Deshidratación, mitos y realidades

Siempre recomendamos beber mucha agua, quizá un vaso de agua en cada comida y otro vaso o más entre comidas. Si no se puede beber el agua natural (Lo cual es lo más recomendable) puede ser café o té sin azúcar (Pero no bebidas alcohólicas o bebidas endulzadas).

Empecemos con algunos datos acerca del agua.

  • El agua es la substancia más importante que consumimos.
  • Puedes sobrevivir hasta 2 meses sin comida, pero sin agua, sólo sobreviviríamos hasta 7 días.
  • El agua constituye un 75% del peso de un infante y 55% del peso de una persona adulta.

La células del cuerpo no funcionan sin agua, y el cuerpo humano ha evolucionado su sistema para controlar su necesidad de agua en una variedad de situaciones. En la mayoría de los casos, la sed es la señal más confiable de que se necesita más agua. El trabajo principal de los riñones es expulsar el agua suficiente para mantener las células hidratadas. Sin embargo, contrariamente al mito, el hecho de expulsar orina oscura no significa que estés deshidratado o tenga concentración por no haber tomado agua, la orina se puede teñir al consumir comidas como espárragos, moras y betabeles. 

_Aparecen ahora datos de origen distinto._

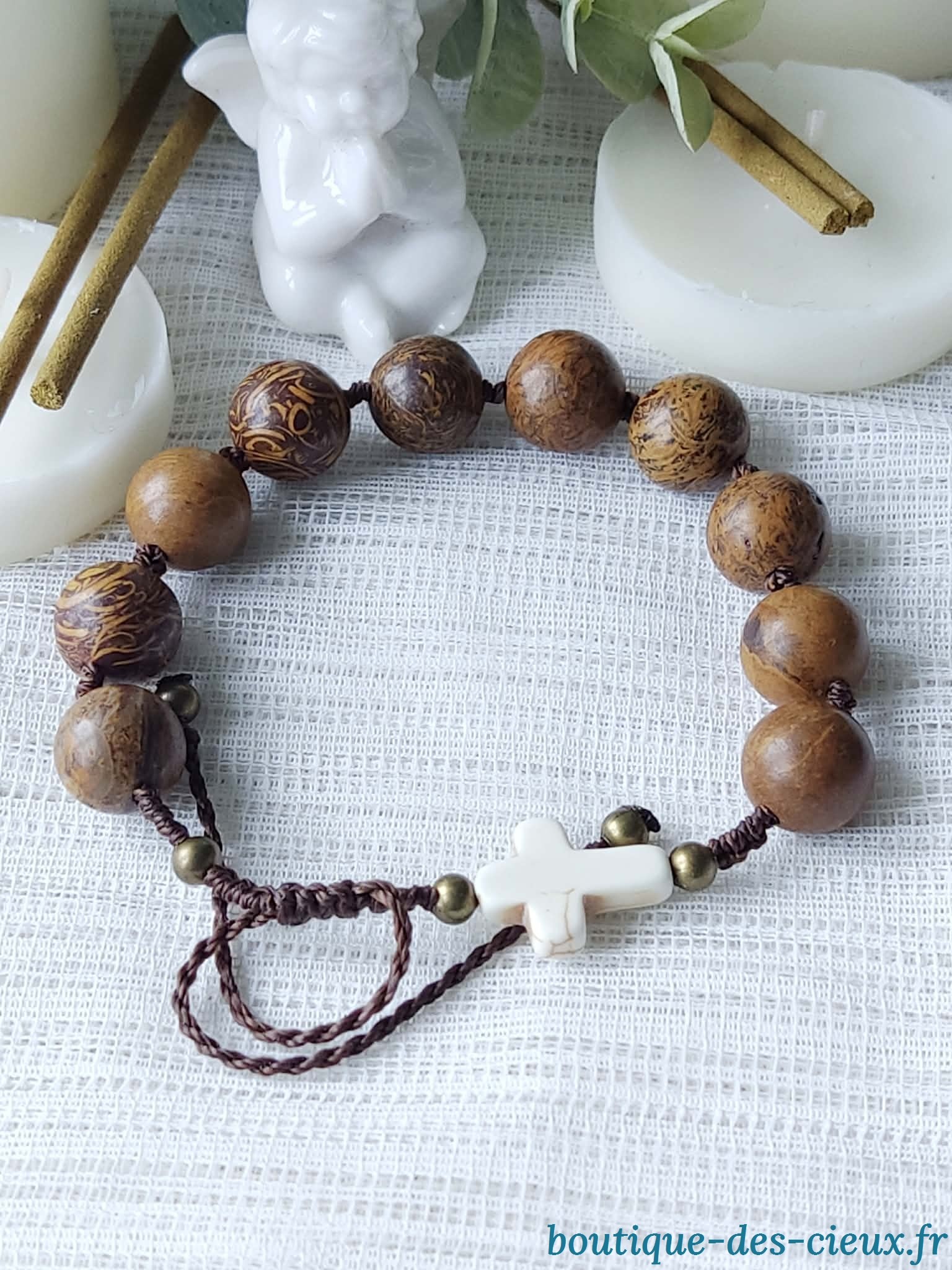 Bracelet dizainier en jaspe éléphant naturel - Prière catholique

Otro mito popular es que el agua contribuye a humectar la piel, prevenir arrugas y dar brillo al rostro, tan solo con beber 8 vasos de agua al día. Beber mucha agua no mejora la piel de las personas que están bien hidratadas.

La buena hidratación protege contra las piedras en el riñón y hay evidencia de que evita la constipación y reduce el asma a causa del ejercicio. Además puede proteger de enfermedades vasculares como embolias, ritmo cardiaco elevado y de presión baja, el agua es especialmente importante en personas con diabetes.

Aunque la importancia del agua es vital, no hay una línea que establezca cuánta agua se necesita al día. La cantidad de agua es afectada depende de lo que las personas consuman, su peso y su nivel de actividad, inclusive el entorno donde viven.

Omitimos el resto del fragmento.